Since the late 1940s Colombia has had a long string of what may arguably be the most anti-peasant governments in the world. Between the army, paramilitary death squads, armed drug traffickers, and the cross-fire between the various guerilla movements and government forces, several hundred thousand peasant farmers have been killed and many times more are now internally displaced peoples. Decades of anti-communist government propaganda have led city dwellers to virtually equate the word “campesino” (peasant farmer) with “subversive,” in a climate where the extra-judicial killing of subversives is “normal.”

How then did Colombian peasant organizations – some of whom are members of La Via Campesina, and others that are allies – together with nuns who promote ecological farming, and academic researchers in the city, win a very good public policy in the capital of Bogotá to promote peasant farmers’ markets?

In the mid-2000s, the mayor’s office wanted to restructure the distribution of fresh produce in the capital by creating a series “inter-nodal” transfer point markets between rural agribusiness and giant super-markets chains. It looked like the peasants who had traditionally supplied Bogotá’s wholesale markets with produce were about to be squeezed out of business. But the rural-urban coalition alluded to above put forth a counter-proposal, by which the city government should open and support ten new peasant farmers’ markets. The mayor’s office balked, saying that the peasants would turn the city’s beautiful plazas into “shanty towns.” But pressure tactics got them to accept one trial market. Much to their shock, the peasants were orderly and well organized, and urban consumers, starved for quality fresh produce, loved it. Between these good results and new mayoral elections, the city government reversed its position and agreed to open various markets. By 2010, some 2,500 peasant families were doing more than USD 2 million in annual business.

Building Food Sovereignty under difficult conditions

The most interesting aspects have to do with the goals, organization, and other achievements of the peasant movement.

One goal was to have markets in neighborhoods of all social classes, and to always have agreed upon prices that are lower than supermarket prices, yet still very profitable for farmers because of the lack of middlemen. They have achieved that.
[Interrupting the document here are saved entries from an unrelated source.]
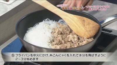 フライパンを中火にかけ、糸こんにゃくを入れて水分を飛ばすように2~3分炒めます。
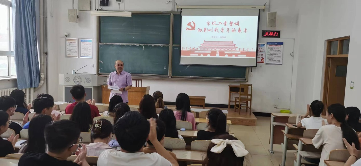 6月8日下午,9428cn太阳集团古天乐数学与信息科技公司党委书记申玉发为全体毕业生党员讲授以“牢记入党誓词,做新时代青年的表率”为题的专题党课。
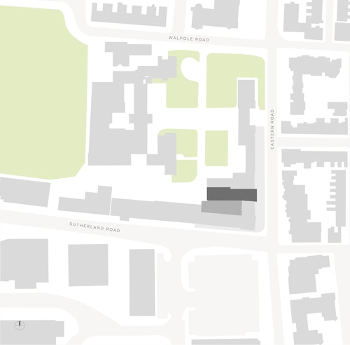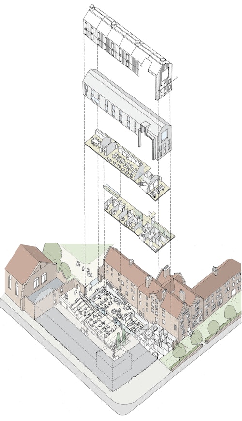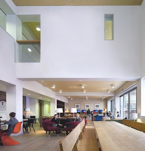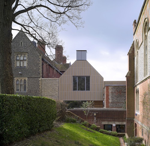 View all projectsThis linear building provides a mix of administrative, academic and social facilities for staff and students at Brighton College. Adjoining a listed 19th-century boarding house, it transforms a rather scruffy 'left-over' space on campus, defining the edge of a new formal courtyard. A double-height cafe and entrance space negotiate the storey-height change in level between the courtyard and the school's main quadrangle to which it is linked by a flight of broad steps. Inside, a dramatic top-lit stair and circulation space connect the new structure to its neo-gothic neighbour providing access to new classrooms, offices and the school health centre.
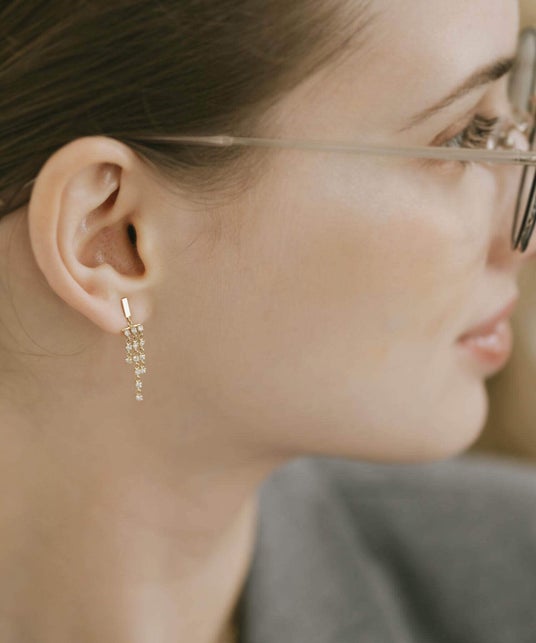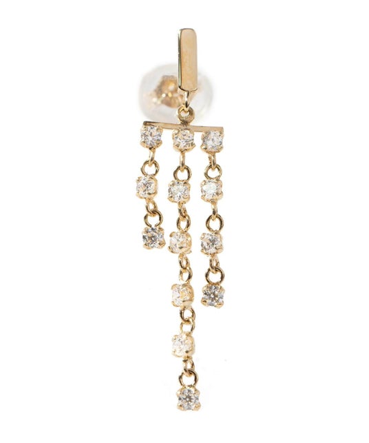3本の繊細なフリンジチェーンが優雅に揺れるデザインが特徴です。動くたびに煌めきを放つフリンジが、耳元に華やかなアクセントを加え、エレガントなスタイルを演出します。
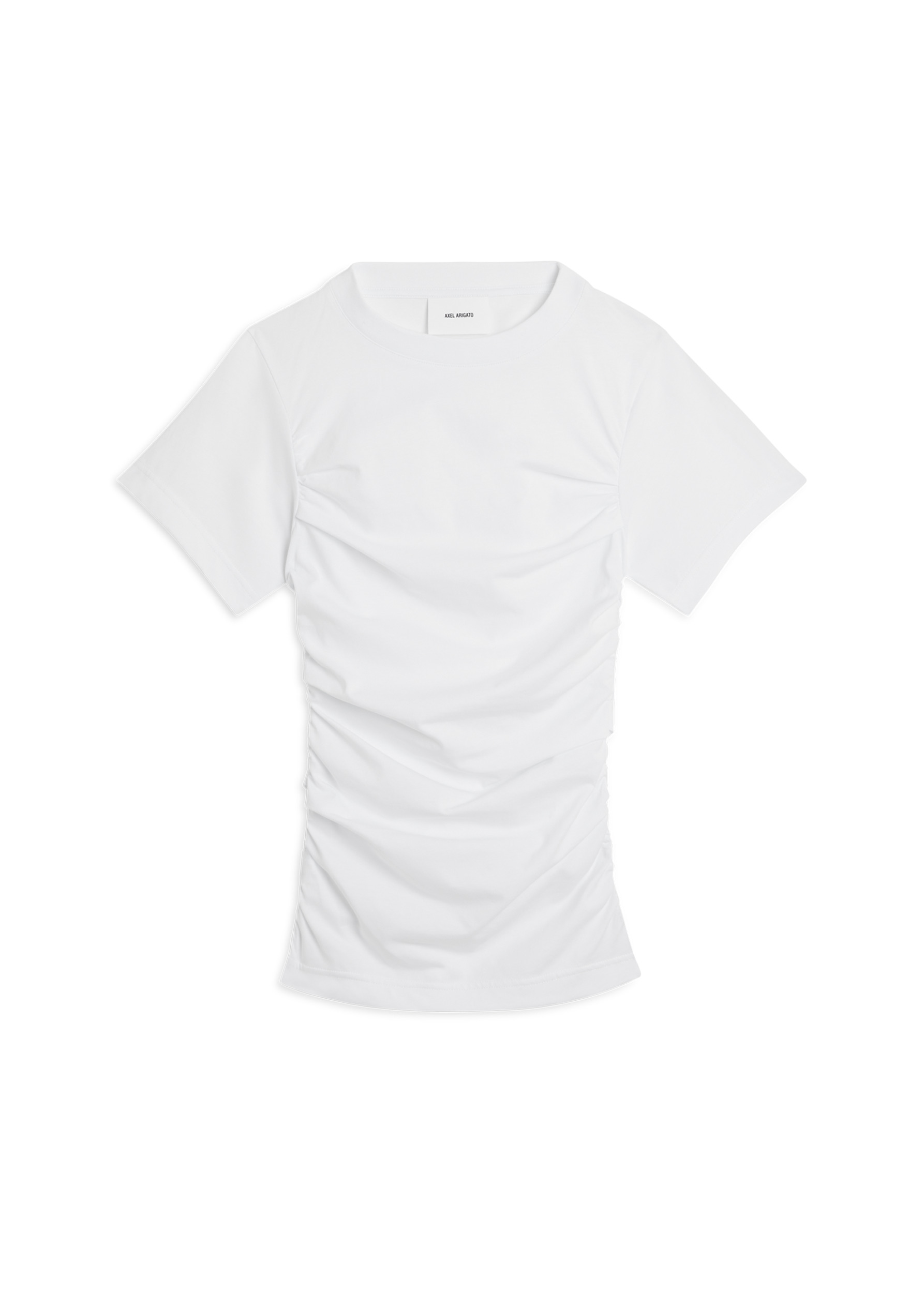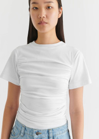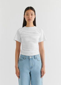 The Ria T-shirt is gathered along the side seams to create ripples through the soft organic cotton. The model is 178cm / 5'10.5 ft and wears a size S.
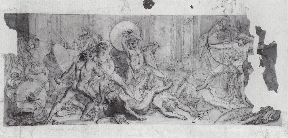 Wir bieten Ihnen eine handgefertigte Reproduktion auf Leinwand des berühmten Kunstwerks 'Schlagen der Verlobten von Penelope Rückkehr Ulysses' von Vasily Vereshchagin, aus dem Reproduktionsmuseum.
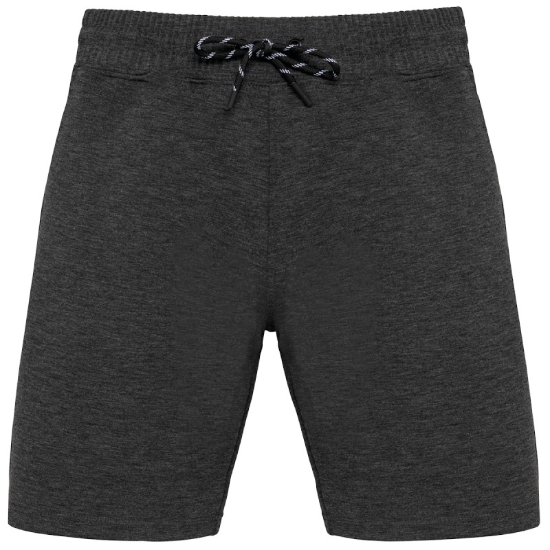 Coloris unis: 94% polyester/ 6% élasthanne. Coloris chinés : 79% polyester/ 15% viscose/ 6% élasthanne. Matière ultra confortable. Ceinture élastiquée avec cordon de serrage bicolore finition embout plastique et œillets métalliques. 2 poches devant doublées jersey et 1 poche arrière zippée, finition thermosoudée contrastée. Finition poches avec une partie élastiquée contrastée Black sur tous les coloris et Dark Grey sur le Black et Ash Heather. Finition double aiguille sur bas de vêtement. Etiquette de marque Tear-away.

Another goal was to change the stigmatization of peasants in eyes of city dwellers as subversives to be eliminated to that of valued and trusted producers of healthy and affordable food. Surveys have shown that this change of image is indeed taking root. They wanted to use the markets to organize peasants and give them political training. So when they come to sell in Bogota they receive seminars on the public policy process, and have returned to their rural townships to demand farmers’ markets there as well, and they have organized themselves in associations to share the cost of transport, which have in many cases successfully pressured rural municipalities to provide trucks to bring produce to market.
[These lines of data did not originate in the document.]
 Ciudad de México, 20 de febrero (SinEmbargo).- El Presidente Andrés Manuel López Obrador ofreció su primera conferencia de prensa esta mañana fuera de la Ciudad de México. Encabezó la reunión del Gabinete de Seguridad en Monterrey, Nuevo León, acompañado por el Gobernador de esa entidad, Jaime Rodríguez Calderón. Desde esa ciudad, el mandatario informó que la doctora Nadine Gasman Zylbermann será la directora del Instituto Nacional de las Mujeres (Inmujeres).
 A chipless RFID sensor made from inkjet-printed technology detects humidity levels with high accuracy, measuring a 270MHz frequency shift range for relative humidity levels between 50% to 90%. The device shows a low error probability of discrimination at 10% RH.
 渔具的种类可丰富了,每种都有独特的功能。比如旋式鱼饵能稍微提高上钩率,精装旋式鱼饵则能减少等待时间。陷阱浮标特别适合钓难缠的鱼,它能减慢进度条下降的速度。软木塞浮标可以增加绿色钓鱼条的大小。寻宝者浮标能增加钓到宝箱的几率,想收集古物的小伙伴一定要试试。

Finally, the markets helped promote the transition to ecological farming. This has been done in a very clever way. All ecological farmers sell under a big green tent, with an agreement that their prices will be no higher than those of the conventional farmers in the other tents. Not surprisingly, the consumers flock first to the green tent, and only begin to buy in the other tents when everything “green” is sold. The other farmers get curious pretty fast. When they finally express interest in agroecology and ecological farming (which nobody pressures them to do), they are directed to the nuns who set them up with other peasants who become their agroecology mentors.

Today the peasant markets in Bogotá are contributing mightily to food sovereignty, providing peasants from four provinces with a very profitable market option, have given political training that is dynamizing the struggle for food sovereignty policies in home municipalities, are changing Society’s perception of peasants in a very positive way, and are using a gentle touch to promote the transition to agroecology.

In many of our own countries we feel a sense of hopelessness with regard to ever achieving policies to promote food sovereignty. Our governments just seem too hostile to peasants and too much in bed with agribusiness and supermarket chains like Walmart and Carrefour. When we feel that way, we should reflect on the experience of Bogotá. Surely if that’s possible in Colombia, of all places, we should be able to do something anywhere.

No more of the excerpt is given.